U.S.G.I. MARPAT PATTERN M-4 BELT RIG/WITH POUCHES, ASKING $30.00 1 ONLY



U.S.G.I. MARPAT PONCH0 AS NEW, ASKING $25.00


U.S.G.I. WOODLAND CAMO PONCHO LINER


U.S.G.I. Button Compass, asking $1.00 each, have 15


U.S.G.I. Whistle, asking $3.oo each have 2


U.S.G.I. Chem light Large asking $2 each have 2 


U.S.G.I. Chem Lites small asking $1.00 each have 10


U.S.G.I. Waterproof match case and matches,. as new, asking $4.00 each have 5


----------



## RON L (Jan 26, 2011)

U,S.G.I. Fishing kit, as new, asking $4.oo each have 3


U.S.G.I. Cable escape saw, new in package $4.00 each have 3


U.S.G.I. 1 Quart canteen Cap, used, asking $3.50


U.S.G.I. 1 Quart Canteen, used, good condition, $5.00
 

U.S.G.I. 25MM Dummy Rnd, 1 only, asking $25.00


U.S.G.I. Duffle bag O.D. Green canvas, asking $15.00, 1 only!


U.S.G.I. SMALL CANVAS STRAPS AS NEW, ASKING $5.OO EACH, HAVE 2


U.S.G.I. WW2 ERA PANTS BELTS IN TAN, BLACK BUCLE AND ANOTHER IS OPEN FACED, ASKING $8.50 EACH HAVE 1 OF EACH



U.S.G.I. Helmet bands with Luminecent "Cats Eyes", asking $2.00 each have 8


----------



## RON L (Jan 26, 2011)

U.S.G.I. P-38 CAN OPENERS, NEW ISSUED, ZINK PLATED NAVY ISSUES FOR RUST PREVENTION, ASKING $2.00 EACH,


U.S.G.I. STRAP BUCKLES, EACH ASKING $8.50 EACH, HAVE 4




U.S.G.I. MACE HOLDER OR HAS HELD A BATON, ASKING $12.00


U.S.G.I. 1 Qt Canteen and O.D. Green cover, as new, asking $10.00, have 3, used good conditon including Black, $8.50
[URL=http://s265.photobucket.com/user/RONSERESURPLUS/media/MilBuys8-24-2013004_zpsc93400a1.jpg.html]

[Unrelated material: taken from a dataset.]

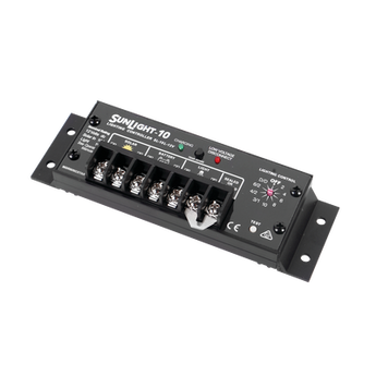 Controlador solar SL-10L-12V de la marca MORNINGSTAR, ideal para sistemas de iluminación exterior. Cuenta con un selector digital para 10 opciones de iluminación, determina el ciclo día/noche usando voltaje solar, y garantiza encendido automático al anochecer y apagado al amanecer. Este controlador facilita el ahorro de energía solar, permitiendo personalizar la iluminación según tus preferencias.

U.S.G.I. LARGE WEB BELT METAL BUCKLE GOOD USED CONDITION, ASKING $12.50 EAC HAVE 3



U.S.G.I. FIRE PASTE IN BOX, ASKING $12.00 A BOX



U.S.G.I. Tan Body armor side Pannels (No Kevlar included), asking $12..0 each pannel have 2


U.S.G.I. Gray Blanket, asking $20.00 


U.S.G.I. Water foil packs, asking $5.00 each have 2

U.S.G.I. Helmet pad, complete set, as new, asking $15.00, 1 set only


U.S.G.I. PANTS BLOSERS, NEW IN PACK, ASKING $5.00 EACH, HAVE 2 SETS


U.S.G.I. Kidey pad replacement for newer Molle pack assembly, asking $20.00 1 only



Emergency Breathing Hood, with Tank and Pouch, needs O2 refilled, 1 only specility item, asking $75.00



Lister sissors have a few pair asking $3.50 each



Iris sissors have a few pairs, asking $2.50 each


- STRIKE ANYWHERE MATCHES IN 250 count large box,or 320 in 32 count boxes in a 10 box brick! OR A 300 COUNT BOX 
ASKING $2.75 BRICK/box BOth IN STOCk
mg]http://i265.photobucket.com/albums/ii240/RONSERESURPLUS/strikeanywherematches.jpg[/img]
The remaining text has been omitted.